Harrison trovò una soluzione montando il meccanismo principale su una serie di molle che lo rendevano meno soggetto alle vibrazioni e alle oscillazioni. Il primo prototipo, H1, era troppo grande e pesante (35 chilogrammi), ma quello che vinse il premio, H4, era più trasportabile e pesava solo 1,5 chilogrammi, oltre a essere molto affidabile. Nonostante questo, il Longitude Board costituitosi a seguito del Longitude Act non riconobbe a Harrison l’intero premio, ma solo metà.

Lo scopo del Longitude Act venne raggiunto più di cinquant’anni dopo il naufragio della Association, che rimase sul fondo delle acque delle Western Rocks ancora due secoli prima che qualcuno la andasse a cercare. Nel 1963 Richard Larn, che allora era un ufficiale della marina, iniziò la ricerca del relitto con una dragamine chiesta in prestito a un ammiraglio. Per tre anni Larn e un gruppo di esploratori subacquei andarono avanti con le ricerche, finché non recuperarono un cannone di bronzo e alcune monete d’oro.

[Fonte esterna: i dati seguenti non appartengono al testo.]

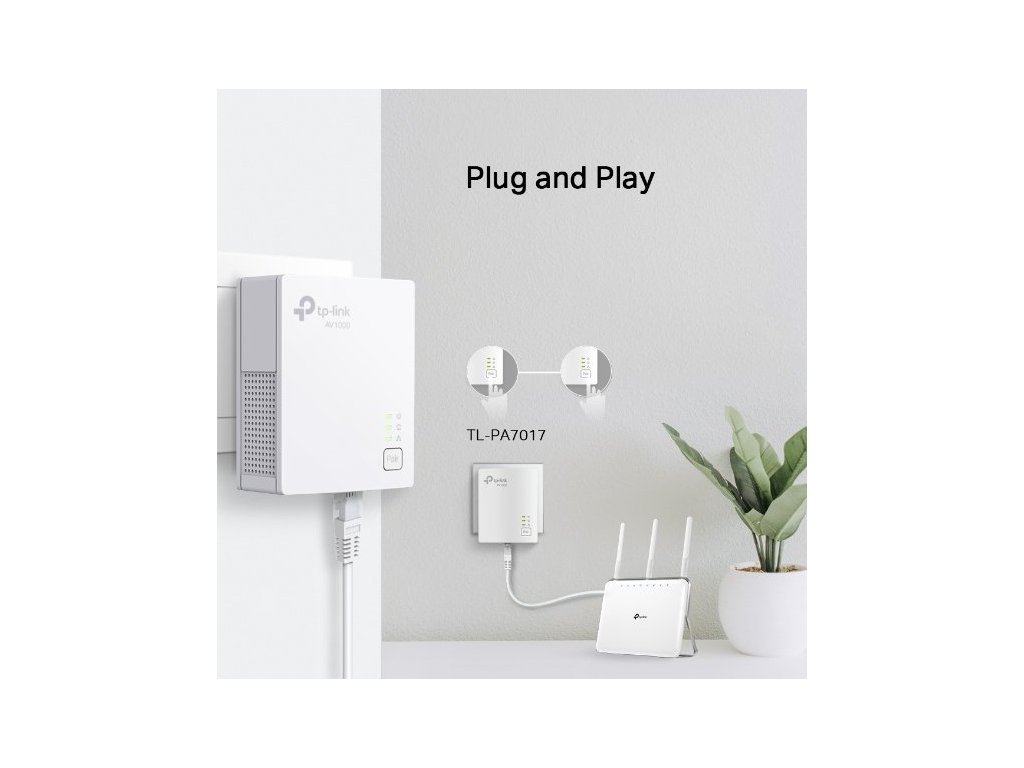 AV1000 Gigabit Powerline Starter Kit (bez prechodových zásuviek), rýchlosť: 1000 Mbps Powerline, Broadcom CPU, HomePlug AV2, 1x Gigabit Port, Plug and Play, tpPLC Utility, Pair for More Security, sada obsahuje: 2x TL-PA7017
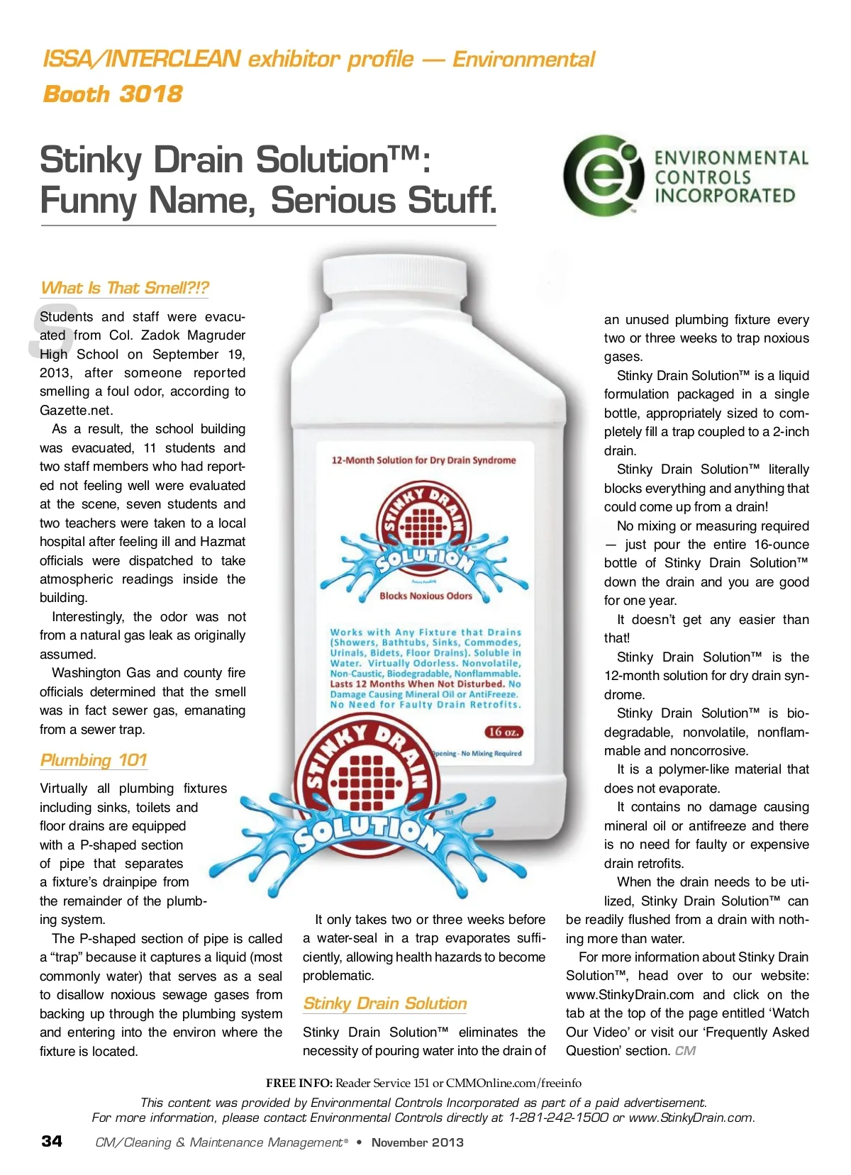 ISSA/INTERCLEAN exhibitor profile — Environmental Booth 3018 Stinky Drain Solution™: Funny Name, Serious Stuff. What Is That Smell?!? S Students and staff were evacu-ated from Col. Zadok Magruder High School on September 19, 2013, after someone reported smelling a foul odor, according to Gazette.net. As a result, the school building was evacuated, 11 students and two staff members who had report-ed not feeling well were evaluated at the scene, seven students and two teachers were taken to a local hospital after feeling ill and Hazmat officials were dispatched to take atmospheric readings inside the building. Interestingly, the odor was not from a natural gas leak as originally assumed. Washington Gas and county fire officials determined that the smell was in fact sewer gas, emanating from a sewer trap. Plumbing 101 Virtually all plumbing fixtures including sinks, toilets and floor drains are equipped with a P-shaped section of pipe that separates a fixture’s drainpipe from the remainder of the plumb-ing system. The P-shaped section of pipe is called a “trap” because it captures a liquid (most commonly water) that serves as a seal to disallow noxious sewage gases from backing up through the plumbing system and entering into the environ where the fixture is located. It only takes two or three weeks before a water-seal in a trap evaporates suffi-ciently, allowing health hazards to become problematic. Stinky Drain Solution Stinky Drain Solution™ eliminates the necessity of pouring water into the drain of an unused plumbing fixture every two or three weeks to trap noxious gases. Stinky Drain Solution™ is a liquid formulation packaged in a single bottle, appropriately sized to com-pletely fill a trap coupled to a 2-inch drain. Stinky Drain Solution™ literally blocks everything and anything that could come up from a drain! No mixing or measuring required — just pour the entire 16-ounce bottle of Stinky Drain Solution™ down the drain and you are good for one year. It doesn’t get any easier than that! Stinky Drain Solution™ is the 12-month solution for dry drain syn-drome. Stinky Drain Solution™ is bio-degradable, nonvolatile, nonflam-mable and noncorrosive. It is a polymer-like material that does not evaporate. It contains no damage causing mineral oil or antifreeze and there is no need for faulty or expensive drain retrofits. When the drain needs to be uti-lized, Stinky Drain Solution™ can be readily flushed from a drain with noth-ing more than water. For more information about Stinky Drain Solution™, head over to our website: www.StinkyDrain.com and click on the tab at the top of the page entitled ‘Watch Our Video’ or visit our ‘Frequently Asked Question’ section. CM FREE INFO: Reader Service 151 or CMMOnline.com/freeinfo This content was provided by Environmental Controls Incorporated as part of a paid advertisement. For more information, please contact Environmental Controls directly at 1-281-242-1500 or www.StinkyDrain.com. 34 CM/Cleaning & Maintenance Management ® • November 2013
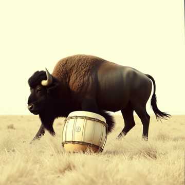ceremonial, medicine wheel vibe, strong deep drums you can feel in your bones as the buffalo shakes the ground he walks
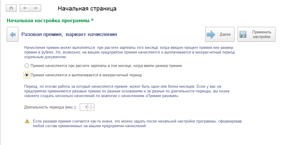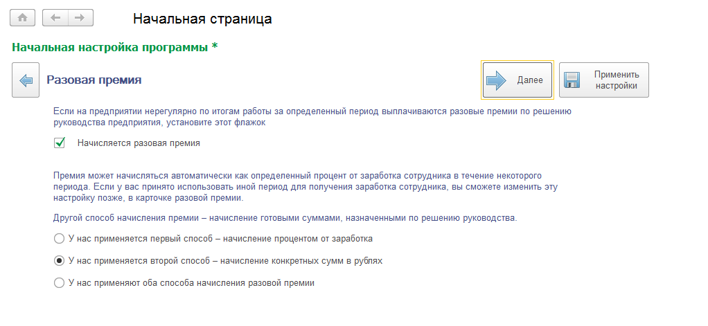 Позволяет автоматически добавить требуемые виды расчета по разовой премии в план видов расчета "Начисления". Отдельной настройки программы для этого нет, если премию потребовалось добавить впоследствии, пользователь вручную создает подобный вид расчета в списке начислений.
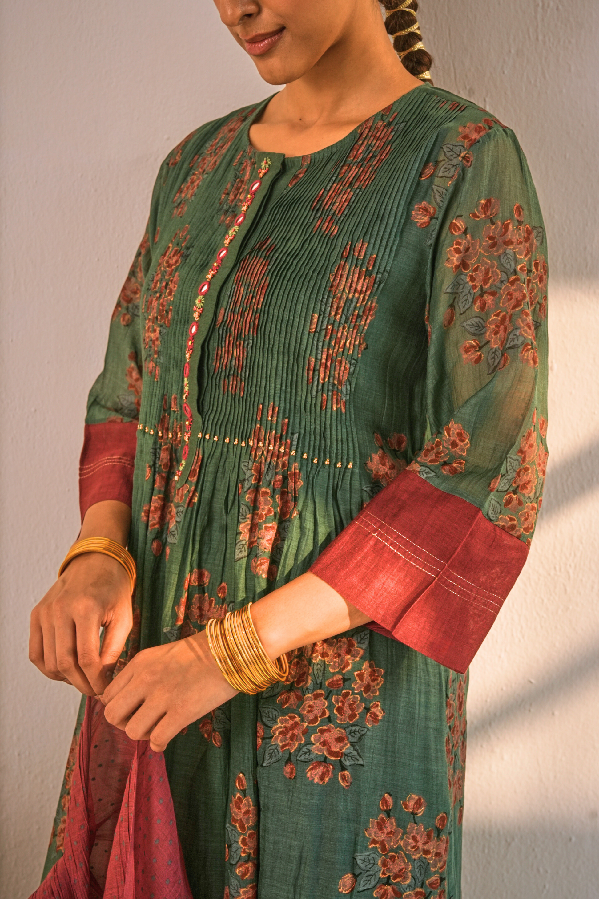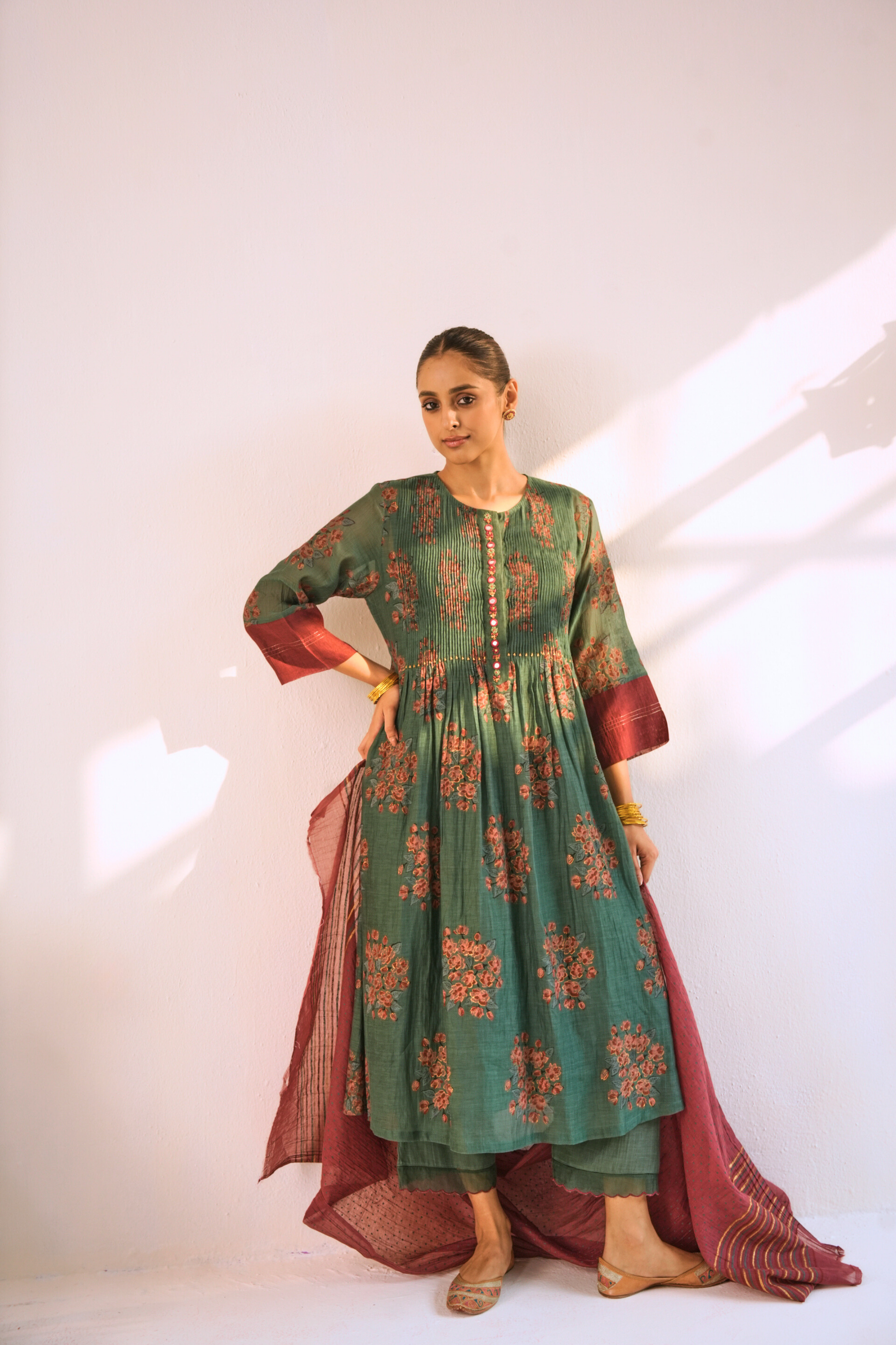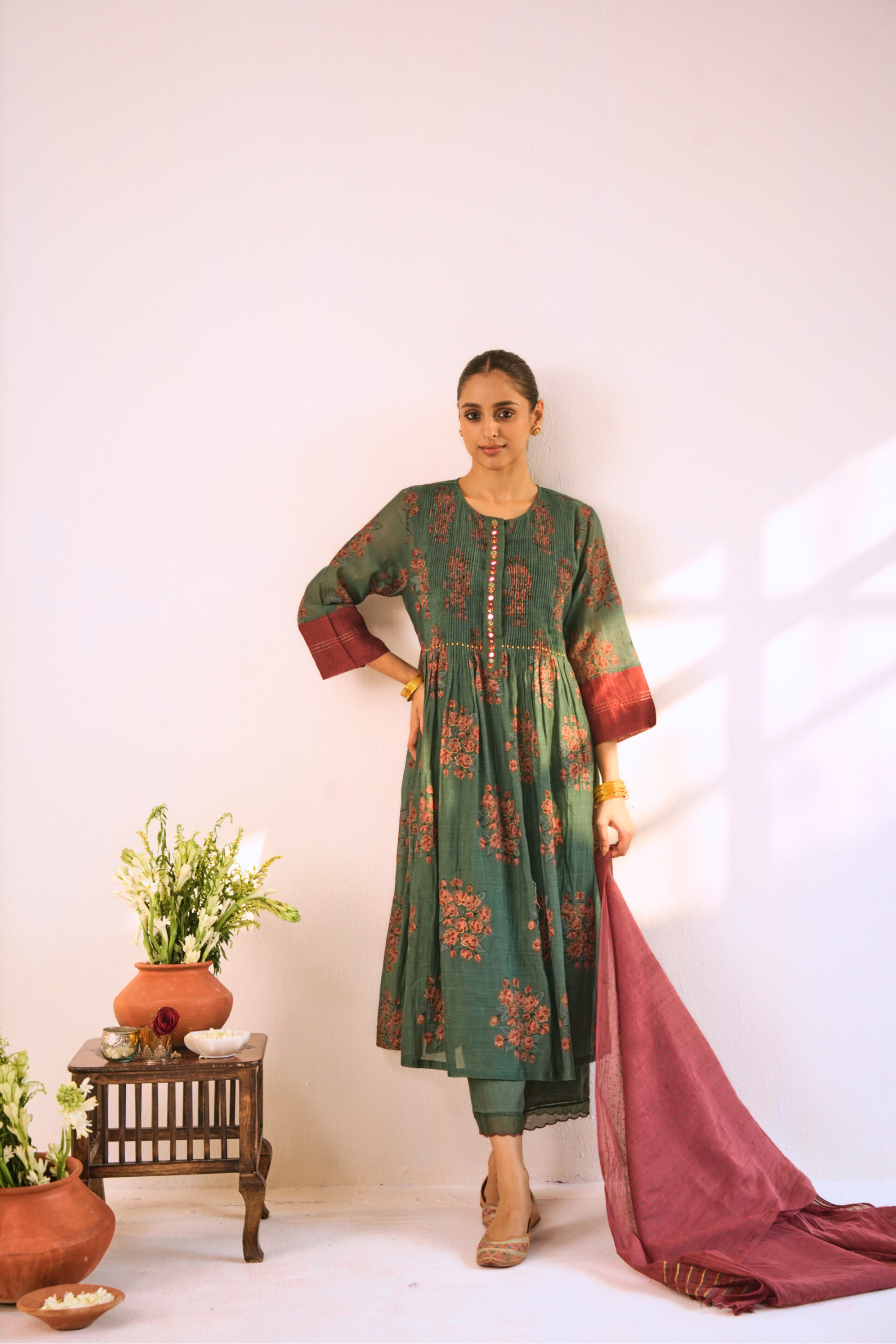 Mogra aqua hand block printed pintuck chanderi kurta set (set of 3)

Nelle settimane successive, intorno al primo ritrovamento, continuarono a recuperare cannoni che vennero identificati come francesi, bottini di guerra della Association e delle altre navi della flotta. Vennero recuperati anche piatti, pettini, candelabri, fibbie e un’infinità di oggetti riconducibili a quel naufragio. In breve tempo, si sparse la voce e la gente cominciò a curiosare dove erano avvenuti i ritrovamenti. «Non c’era niente che impedisse alle persone di saccheggiare il relitto dopo che ce ne eravamo andati, ed è proprio quello che è successo» ha raccontato Larn a BBC. «Ce n’erano così tante di vecchie monete, in giro, che le usavano per pagarsi le birre al pub».

Nel 1973, dopo pressioni di Larn al parlamentare della sua circoscrizione, venne introdotto il Protection of Wrecks Act che tutela i relitti marini, ma in quei pochi anni in cui non c’era stata sorveglianza una quantità incalcolabile di reperti venne saccheggiata. Larn l’ha definita «una disgrazia nazionale». Oggi 24 relitti in acque britanniche sono protetti, di cui tre nei pressi delle isole Scilly, compreso quello della Association.